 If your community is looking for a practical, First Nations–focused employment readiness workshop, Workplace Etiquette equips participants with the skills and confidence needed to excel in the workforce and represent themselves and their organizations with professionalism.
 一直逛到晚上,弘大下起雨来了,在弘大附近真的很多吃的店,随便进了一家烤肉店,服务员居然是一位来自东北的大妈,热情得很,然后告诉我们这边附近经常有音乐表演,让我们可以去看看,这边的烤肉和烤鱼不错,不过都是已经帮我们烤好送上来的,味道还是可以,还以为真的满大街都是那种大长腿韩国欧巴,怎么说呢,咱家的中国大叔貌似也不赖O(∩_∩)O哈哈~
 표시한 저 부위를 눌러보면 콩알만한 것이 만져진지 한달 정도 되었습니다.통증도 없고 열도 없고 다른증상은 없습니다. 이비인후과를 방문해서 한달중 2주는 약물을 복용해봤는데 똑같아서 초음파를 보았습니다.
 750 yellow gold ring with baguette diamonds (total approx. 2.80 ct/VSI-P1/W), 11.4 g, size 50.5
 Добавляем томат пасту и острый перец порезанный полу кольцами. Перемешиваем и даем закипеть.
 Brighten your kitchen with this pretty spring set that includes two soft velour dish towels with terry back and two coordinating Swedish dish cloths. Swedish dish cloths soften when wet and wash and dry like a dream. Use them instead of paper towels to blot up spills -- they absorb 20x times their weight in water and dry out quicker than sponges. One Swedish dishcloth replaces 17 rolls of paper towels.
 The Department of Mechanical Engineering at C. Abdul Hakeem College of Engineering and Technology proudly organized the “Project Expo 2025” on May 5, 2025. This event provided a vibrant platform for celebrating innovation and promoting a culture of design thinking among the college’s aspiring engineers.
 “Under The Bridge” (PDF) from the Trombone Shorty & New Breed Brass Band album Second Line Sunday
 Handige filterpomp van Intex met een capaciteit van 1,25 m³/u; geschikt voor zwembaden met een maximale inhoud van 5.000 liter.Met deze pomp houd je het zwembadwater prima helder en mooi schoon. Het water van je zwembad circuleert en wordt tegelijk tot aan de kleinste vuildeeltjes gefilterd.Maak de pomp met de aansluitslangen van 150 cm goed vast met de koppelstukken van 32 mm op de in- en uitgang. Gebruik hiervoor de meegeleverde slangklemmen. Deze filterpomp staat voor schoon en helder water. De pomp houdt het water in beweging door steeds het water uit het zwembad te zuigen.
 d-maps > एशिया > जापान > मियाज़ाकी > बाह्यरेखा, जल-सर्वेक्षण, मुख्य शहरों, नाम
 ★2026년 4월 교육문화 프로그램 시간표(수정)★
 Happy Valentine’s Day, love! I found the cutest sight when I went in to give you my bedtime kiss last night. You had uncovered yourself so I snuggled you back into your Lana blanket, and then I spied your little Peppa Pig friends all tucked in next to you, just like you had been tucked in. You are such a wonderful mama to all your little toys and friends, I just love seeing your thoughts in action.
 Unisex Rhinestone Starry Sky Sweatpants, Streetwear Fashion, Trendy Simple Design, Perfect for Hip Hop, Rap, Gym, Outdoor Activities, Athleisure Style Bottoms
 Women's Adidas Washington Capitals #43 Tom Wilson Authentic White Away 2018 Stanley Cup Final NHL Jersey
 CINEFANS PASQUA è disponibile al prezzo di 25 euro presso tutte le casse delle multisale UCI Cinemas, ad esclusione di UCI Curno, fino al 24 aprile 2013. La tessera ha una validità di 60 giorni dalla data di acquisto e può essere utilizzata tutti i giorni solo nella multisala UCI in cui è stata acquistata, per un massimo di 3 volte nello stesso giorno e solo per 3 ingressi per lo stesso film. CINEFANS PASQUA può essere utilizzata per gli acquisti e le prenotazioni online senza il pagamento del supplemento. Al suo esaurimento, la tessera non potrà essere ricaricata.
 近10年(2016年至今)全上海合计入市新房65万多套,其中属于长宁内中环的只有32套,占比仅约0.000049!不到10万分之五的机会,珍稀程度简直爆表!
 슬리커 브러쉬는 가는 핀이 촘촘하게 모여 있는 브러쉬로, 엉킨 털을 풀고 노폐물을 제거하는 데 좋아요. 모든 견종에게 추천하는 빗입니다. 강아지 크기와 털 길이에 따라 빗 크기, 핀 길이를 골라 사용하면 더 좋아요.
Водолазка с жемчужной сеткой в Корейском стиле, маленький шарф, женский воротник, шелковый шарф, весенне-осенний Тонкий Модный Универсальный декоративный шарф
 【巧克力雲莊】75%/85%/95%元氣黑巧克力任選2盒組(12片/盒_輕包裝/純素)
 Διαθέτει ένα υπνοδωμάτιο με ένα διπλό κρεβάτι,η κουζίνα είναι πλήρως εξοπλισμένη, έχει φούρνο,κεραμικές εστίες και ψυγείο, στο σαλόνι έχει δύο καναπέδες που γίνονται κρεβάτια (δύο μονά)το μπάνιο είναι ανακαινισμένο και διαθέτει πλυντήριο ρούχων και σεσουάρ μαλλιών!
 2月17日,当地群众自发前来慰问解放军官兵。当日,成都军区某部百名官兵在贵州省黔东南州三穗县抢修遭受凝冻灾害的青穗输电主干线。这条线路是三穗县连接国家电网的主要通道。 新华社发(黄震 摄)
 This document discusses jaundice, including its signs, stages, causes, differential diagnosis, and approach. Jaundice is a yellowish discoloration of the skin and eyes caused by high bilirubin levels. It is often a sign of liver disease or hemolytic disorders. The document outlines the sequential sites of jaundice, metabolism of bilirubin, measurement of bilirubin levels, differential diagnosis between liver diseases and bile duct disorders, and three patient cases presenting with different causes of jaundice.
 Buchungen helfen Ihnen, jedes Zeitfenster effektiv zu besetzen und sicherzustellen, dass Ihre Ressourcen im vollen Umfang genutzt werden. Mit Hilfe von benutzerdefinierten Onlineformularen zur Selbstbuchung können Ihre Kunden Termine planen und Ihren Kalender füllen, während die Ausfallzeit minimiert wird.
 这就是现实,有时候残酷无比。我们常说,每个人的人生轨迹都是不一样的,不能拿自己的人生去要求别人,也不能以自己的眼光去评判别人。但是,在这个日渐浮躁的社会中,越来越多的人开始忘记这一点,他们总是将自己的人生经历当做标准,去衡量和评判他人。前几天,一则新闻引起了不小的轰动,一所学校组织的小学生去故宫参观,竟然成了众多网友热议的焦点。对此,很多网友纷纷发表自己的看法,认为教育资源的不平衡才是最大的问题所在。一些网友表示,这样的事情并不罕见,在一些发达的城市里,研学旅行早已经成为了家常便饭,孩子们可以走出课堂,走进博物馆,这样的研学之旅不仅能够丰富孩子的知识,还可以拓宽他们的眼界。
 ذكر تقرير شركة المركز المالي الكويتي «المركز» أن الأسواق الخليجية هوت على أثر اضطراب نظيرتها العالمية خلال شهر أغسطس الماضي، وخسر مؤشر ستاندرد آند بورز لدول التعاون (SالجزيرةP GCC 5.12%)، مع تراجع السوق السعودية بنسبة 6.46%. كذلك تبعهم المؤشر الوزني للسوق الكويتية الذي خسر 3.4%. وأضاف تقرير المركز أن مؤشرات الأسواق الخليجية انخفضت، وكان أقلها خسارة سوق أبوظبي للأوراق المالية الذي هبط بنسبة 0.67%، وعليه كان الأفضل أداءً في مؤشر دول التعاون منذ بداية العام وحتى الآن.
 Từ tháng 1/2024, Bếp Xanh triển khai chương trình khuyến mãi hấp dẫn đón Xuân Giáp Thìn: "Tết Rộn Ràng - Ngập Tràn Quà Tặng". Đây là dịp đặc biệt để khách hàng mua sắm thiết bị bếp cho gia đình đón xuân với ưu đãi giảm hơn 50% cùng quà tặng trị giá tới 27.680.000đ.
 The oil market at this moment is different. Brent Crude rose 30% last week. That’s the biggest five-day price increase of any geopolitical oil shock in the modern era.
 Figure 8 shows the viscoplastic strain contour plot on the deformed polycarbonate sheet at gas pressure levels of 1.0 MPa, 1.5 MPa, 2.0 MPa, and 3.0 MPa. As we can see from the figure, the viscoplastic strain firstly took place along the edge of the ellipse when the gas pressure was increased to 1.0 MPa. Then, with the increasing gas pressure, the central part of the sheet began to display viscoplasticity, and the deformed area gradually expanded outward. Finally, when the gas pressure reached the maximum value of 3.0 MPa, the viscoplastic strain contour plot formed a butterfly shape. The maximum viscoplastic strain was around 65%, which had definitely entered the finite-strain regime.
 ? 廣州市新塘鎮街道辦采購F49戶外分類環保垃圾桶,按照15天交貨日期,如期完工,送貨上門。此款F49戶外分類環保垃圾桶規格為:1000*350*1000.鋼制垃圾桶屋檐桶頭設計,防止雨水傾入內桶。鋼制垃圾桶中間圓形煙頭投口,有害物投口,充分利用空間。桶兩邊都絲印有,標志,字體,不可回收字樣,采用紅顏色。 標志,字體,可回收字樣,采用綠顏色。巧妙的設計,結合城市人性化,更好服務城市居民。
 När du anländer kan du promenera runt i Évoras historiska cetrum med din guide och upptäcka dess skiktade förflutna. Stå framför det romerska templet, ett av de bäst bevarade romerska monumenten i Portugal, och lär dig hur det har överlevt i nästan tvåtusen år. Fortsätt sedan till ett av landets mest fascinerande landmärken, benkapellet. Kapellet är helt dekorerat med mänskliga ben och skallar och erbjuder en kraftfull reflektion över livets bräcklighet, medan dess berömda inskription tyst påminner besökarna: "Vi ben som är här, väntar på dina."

*Assigned task*. All that is needed is the exact run of lines above from the line containing "Brighten your kitchen" through the line containing "Second Line Sunday", both of them included.

*Written answer*.
 Brighten your kitchen with this pretty spring set that includes two soft velour dish towels with terry back and two coordinating Swedish dish cloths. Swedish dish cloths soften when wet and wash and dry like a dream. Use them instead of paper towels to blot up spills -- they absorb 20x times their weight in water and dry out quicker than sponges. One Swedish dishcloth replaces 17 rolls of paper towels.
 The Department of Mechanical Engineering at C. Abdul Hakeem College of Engineering and Technology proudly organized the “Project Expo 2025” on May 5, 2025. This event provided a vibrant platform for celebrating innovation and promoting a culture of design thinking among the college’s aspiring engineers.
 “Under The Bridge” (PDF) from the Trombone Shorty & New Breed Brass Band album Second Line Sunday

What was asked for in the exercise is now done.